A new internal report from the OPD casts the police department as victims who showed "a great deal of restraint while surrounded by an angry, assaultive crowd" during last October's melee with Occupy Oakland supporters. The report reveals that a lack of organization on the part of the police led to news of their October 25 raid on the encampment at Frank Ogawa Plaza being leaked to protesters, and that the department was short-staffed in the later part of the day as tensions rose in the streets of downtown Oakland. Also, they neglect to mention the Scott Olsen or Kayvan Sabehgi incidents at all, and paint a picture of policemen being attacked from all sides by angry protesters.

Furthermore, as the East Bay Express reports, though it is the OPD's Internal Affairs unit that is investigating the events of October 25 and November 2, it was the head of that unit, Captain Paul Figueroa, who was in charge of field operations during the later portion of the day and evening on October 25, which is a clear conflict of interest.

Four separate investigations are ongoing about Oakland police's response to Occupy, and several lawsuits have been filed against the department as a result of injuries sustained by protesters.
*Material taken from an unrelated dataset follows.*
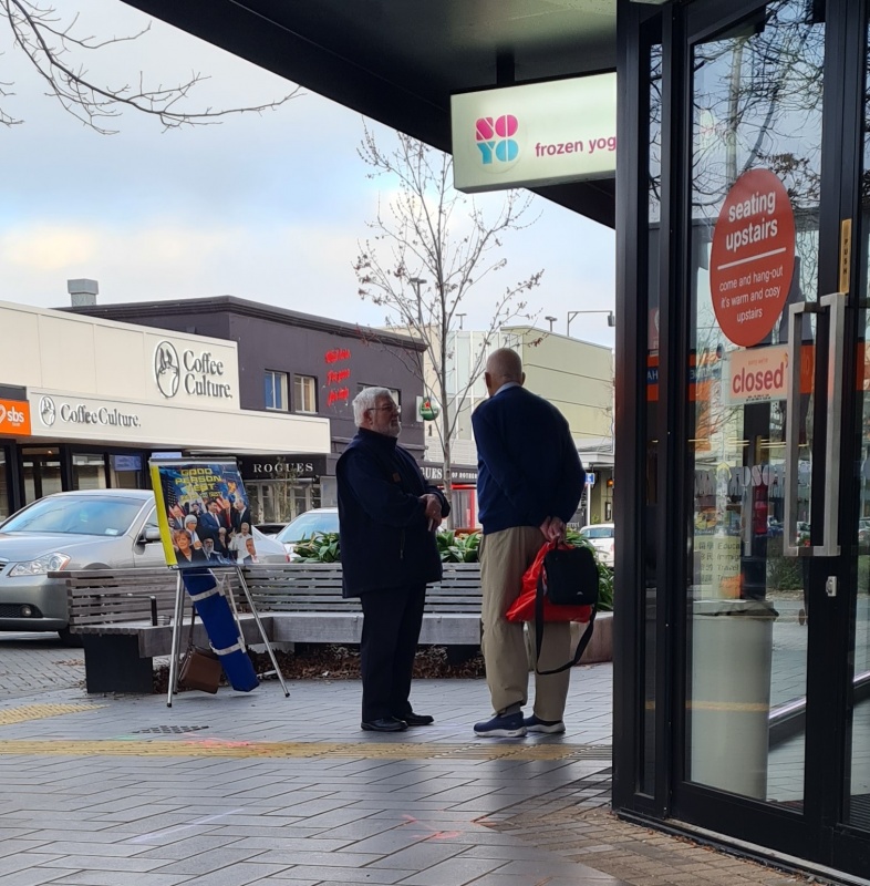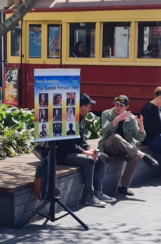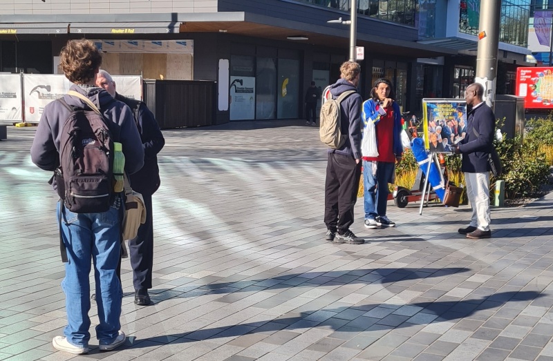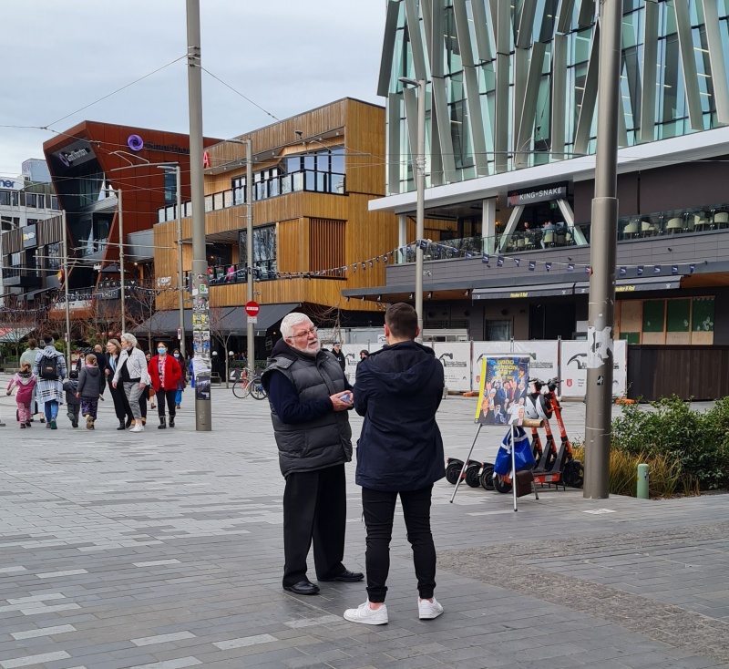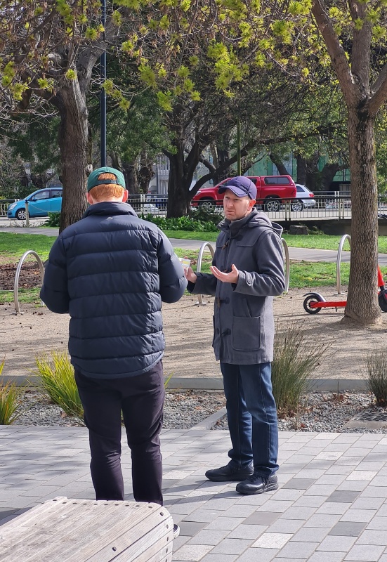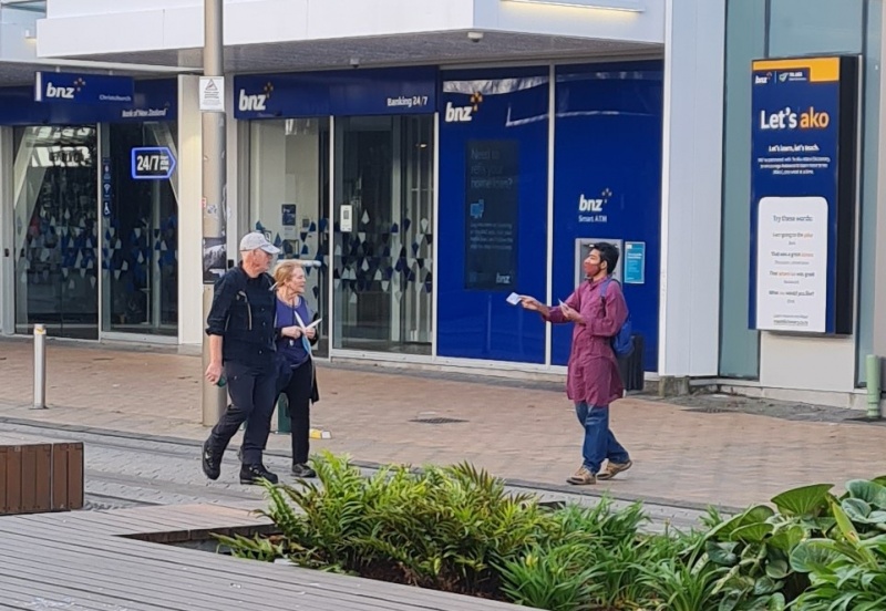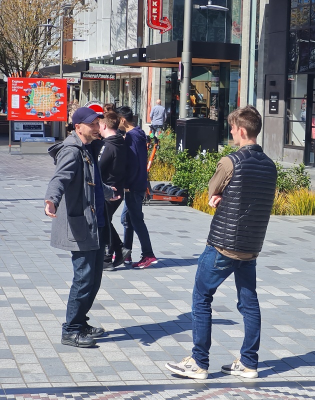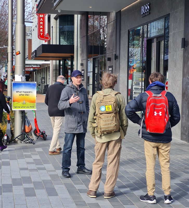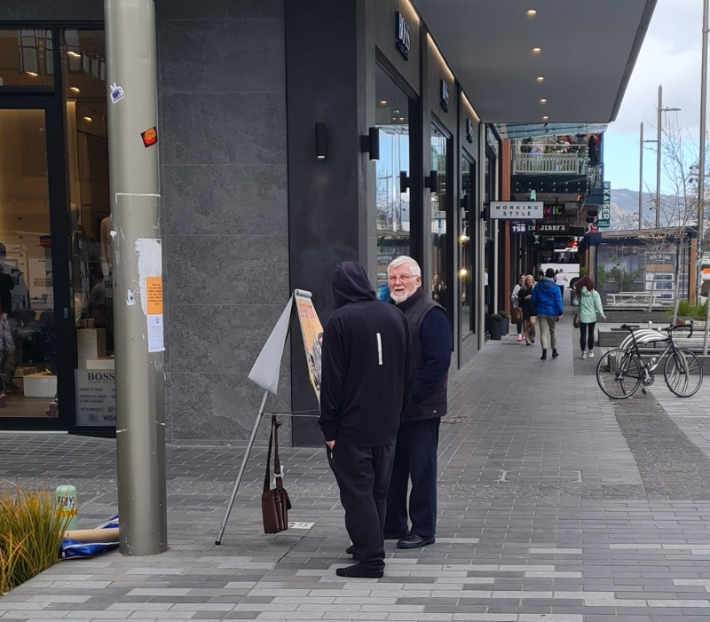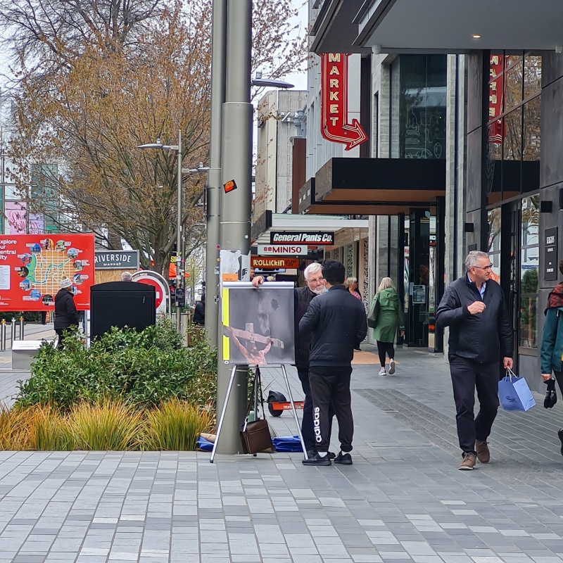 I approached 3 girls who were discussing one of our tracts, one of the girls in particular didn’t want to have another chat about it!  But they did accept a different kind of tract from me.  I turned and immediately 4 guys were walking past, and I got straight into a conversation with them.  It was a difficult chat, because they were in different places and it was hard to get a flow going with all of them at the same time, they all kept interjecting different questions (good ones), I did my best to answer the questions without getting distracted from my goal of sharing the gospel, when I feel like I made a mistake (or did I?)  The MP for central Christchurch, Duncan Webb went past, I’ve talked to him a couple of times before (briefly, he won’t stay to engage).  As soon as I saw him, I said, “Oh, Duncan, I want to talk to you”.  I wasn’t expecting him to stop, but he did.  The mistake was that I should have kept my focus on the four guys I was talking to.  Those guys instantly lost interest and split without hearing the gospel - I feel bad about that!  Yet, I’m pretty sure I gave them all tracts at the start.  I have to leave them in God’s hands.

An independent firm, the Frazier Group, headed by a former Baltimore cop, is conducting the investigations, and the OPD recently requested that their $100,000 contract be upped to $350,000 due the large number of complaints they've had to field. There's no word on when reports from those investigations will be complete.

Meanwhile, the OPD is gearing up to deal with what will likely be a large May Day action by Occupy, as part of a day of nationwide protest.